Our phone chat #1 – Jan

Maria: Hi Jan, thank you for participating in our community project called “Our phone chat”. Everyone has a story worthy to be told and, in this project, we are going to chat about your epilepsy story and how epilepsy has impacted on your life.

Please tell me a bit about yourself.

Jan: I was born in the Waikato to farming parents straight after the war in 1946. Growing up on the farm was hard work but I enjoyed milking the cows and helping out. It wasn’t until I was 16 years old that I developed epilepsy. We couldn’t work out why that happened but I grew quite quickly and there was some thought that I had grown too fast at that time. I don’t know. It was quite strange.

Maria: Can you please tell me about your seizure types and how you felt about your diagnosis?

Jan: My seizures seemed to change within six months of me having my first seizure. Apparently, on my first seizure I wandered out of my bedroom in the middle of the night turning around in circles. I could hear my parents talking to me but I couldn’t control what I was doing. I remember feeling quite frightened but my mother was quite a no-nonsense, calm person and this had a positive effect on me being able to cope.

About six months later I started having the so-called ‘grand mal’ seizures, and I was diagnosed with epilepsy and put on medications. That would have been back in 1965.

I wasn’t disturbed by this epilepsy diagnosis and I immediately worked out for myself how I could be safe at all times just in case I had a seizure. I wouldn’t have a bath, preferring to shower. Nor would I go swimming. I worked out that my seizures happened between 8 and 10 o’clock in the mornings so I decided that I would move into town (Hamilton) to find a job where I could go to work later in the day. I got a job in the health clinic at the YMCA, which was the first gym for ladies, working as a masseuse. I wasn’t embarrassed meeting others and I never had a seizure during my time at work. I did that job until I got married.

During my early days living in Hamilton I boarded with others and that is where I met my future husband. I was married at 20 and my husband was not at all worried about my epilepsy. We have now been married for 53 years.

When we settled down together, we made sure that we chose a home somewhere near a bus stop so that I could remain independent. Being independent was really important to me, even when I became pregnant with my first child. I never saw epilepsy as a barrier for me being able to do anything in life and I think that positive attitude came from my mother. I thank her for making me strong.

Maria: How was your pregnancy with your first child?

Jan: I had more seizures! I discovered that I was okay lying down but, as soon as I stood up, I had a seizure. I ended up by having to stay in the hospital for several months in the middle of my pregnancy to be cared for. I went back to the hospital again when my GP delivered
my baby son. GPs used to deliver babies in those days. Interestingly, my son was unable to speak for several years with a condition called aphasia. The doctors believe that he may have had a stroke when I was carrying him.

Maria: How did you manage with your new-born son at home?

Jan: From memory, I didn’t have many seizures at all once my baby was born but I still put in place important safety measures just in case I had one. I had to cope on my own during the day when my husband was at work.

I never carried my baby around, especially before 10 O’clock in the mornings. I made sensible decisions because I didn’t want drastic things to happen. My husband always bathed the baby when he was home.

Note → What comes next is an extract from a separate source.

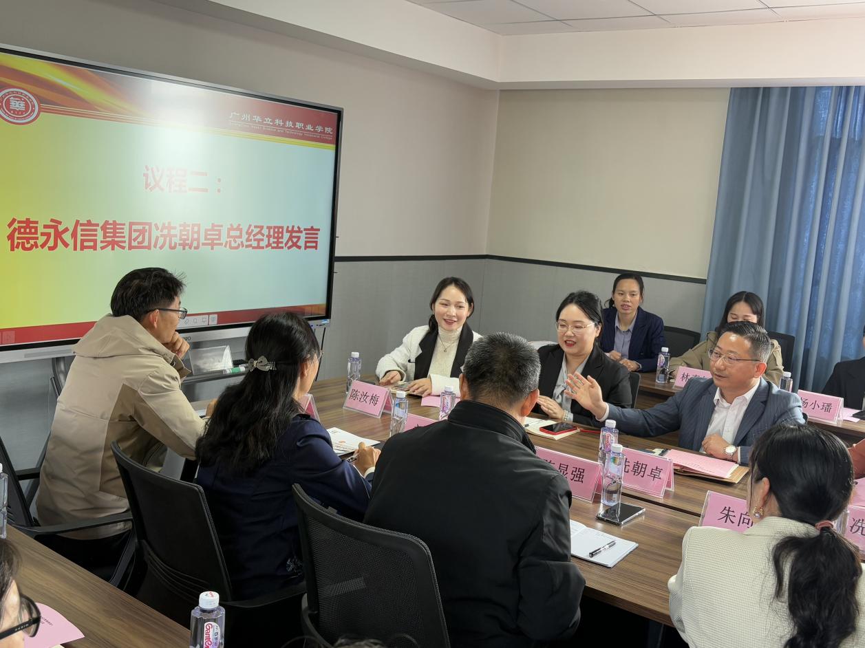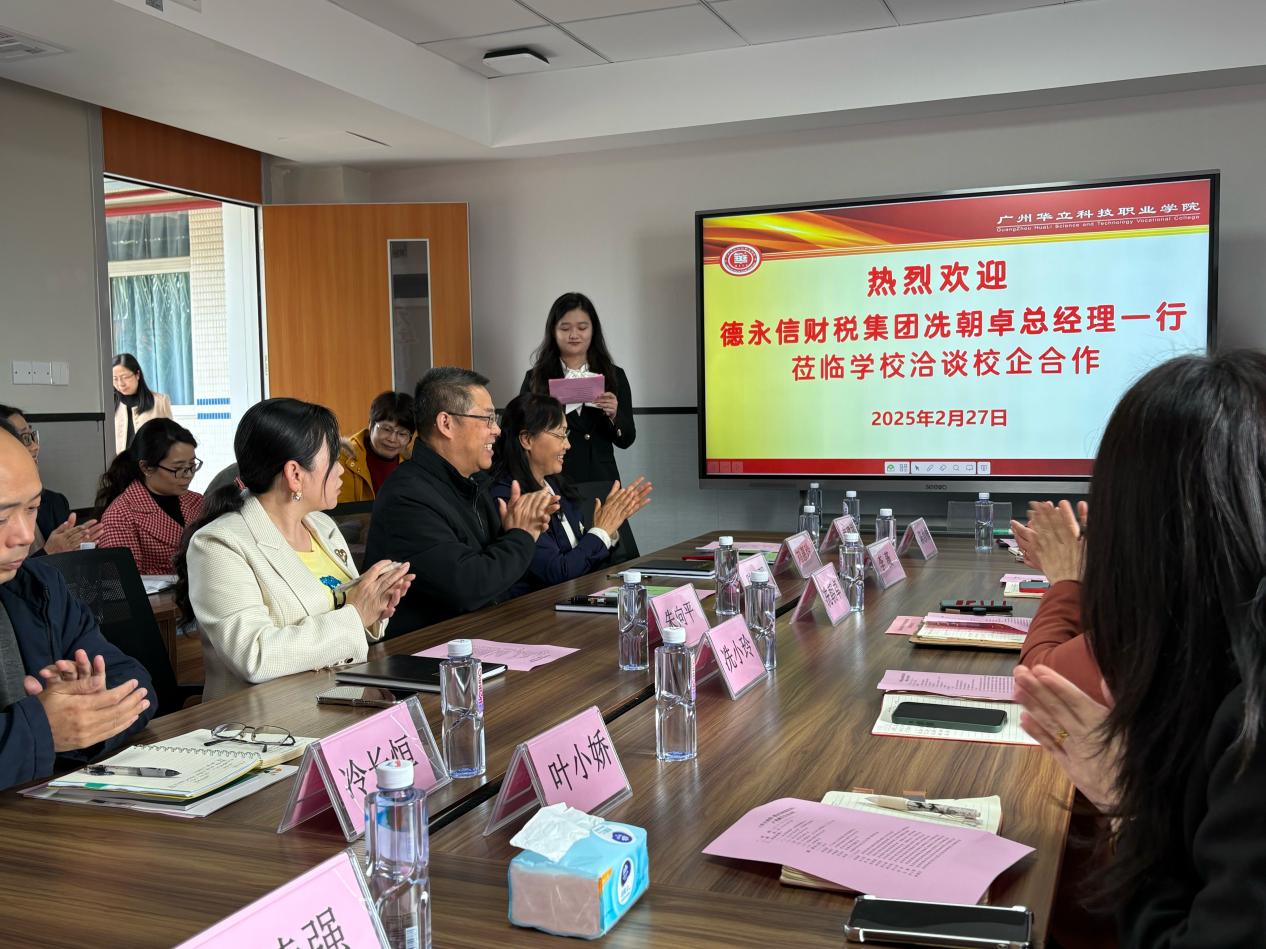 2025年2月27日,深圳市德永信財稅集團有限公司總經(jīng)理冼朝卓先生率領(lǐng)集團下各子公司高管們一行蒞臨廣州華立科技職業(yè)學(xué)院經(jīng)濟管理學(xué)院參加“共育匠才 ‘職’ 通未來” 產(chǎn)教融合洽談會。學(xué)校副校長陳顯強教授親臨會場,陪同參會的還有教務(wù)處處長王澤秀及產(chǎn)教融合辦韋建林主任。

I think that I coped really well and, less than two years later, I gave birth to a little girl, who incidentally has epilepsy. I had an easier pregnancy with her and with no seizures. With two little ones to look after I made sure I rested when they did.

Maria: Please talk about those early years at home with your children?

Jan: I had a normal busy life as a mum. I attended kindy meetings and I became involved in my community but my seizures returned and it always happened around my menstrual cycle and so I asked for a hysterectomy, which sounds rather drastic but it solved the problem. I changed for the better overnight and I haven’t looked back.

Once my children were both in school, I went back to work, demonstrating sewing machines at a furniture store. I really enjoyed that job and I felt that I was achieving in life and I wasn’t just a mother at home. I later went to work in a cafeteria before setting up a successful business with my husband growing vegetables.

Maria: Looking back on your life how do you feel about having epilepsy?

Jan: Over the years my seizures have become less and less. I think that my hormones have played a part in it. Could that be the reason? Every year I also have trouble adjusting to daylight saving! It really mucks me up and makes me feel tired.

I feel quite positive as I have always made a point of being sensible with my decisions. I learnt all there was to know about epilepsy when I needed information and I have had great support from my husband. We both joined the local epilepsy organisation back in the 1960s and we have been involved ever since.

I have had a lot of drive to do well in my life and I am really happy with that.

Maria: What take home message would you like to give people about epilepsy?

Jan: I would like people to be positive in their own ability to do things for themselves and not to feel disadvantaged by having epilepsy. Epilepsy need not be a barrier to a good life. Have pride in yourself and find the courage to do well. I suppose that has come from my mother’s attitude towards my epilepsy. I could never give her an excuse for why I couldn’t do anything!

Maria: Thank you Jan. I have appreciated our chat.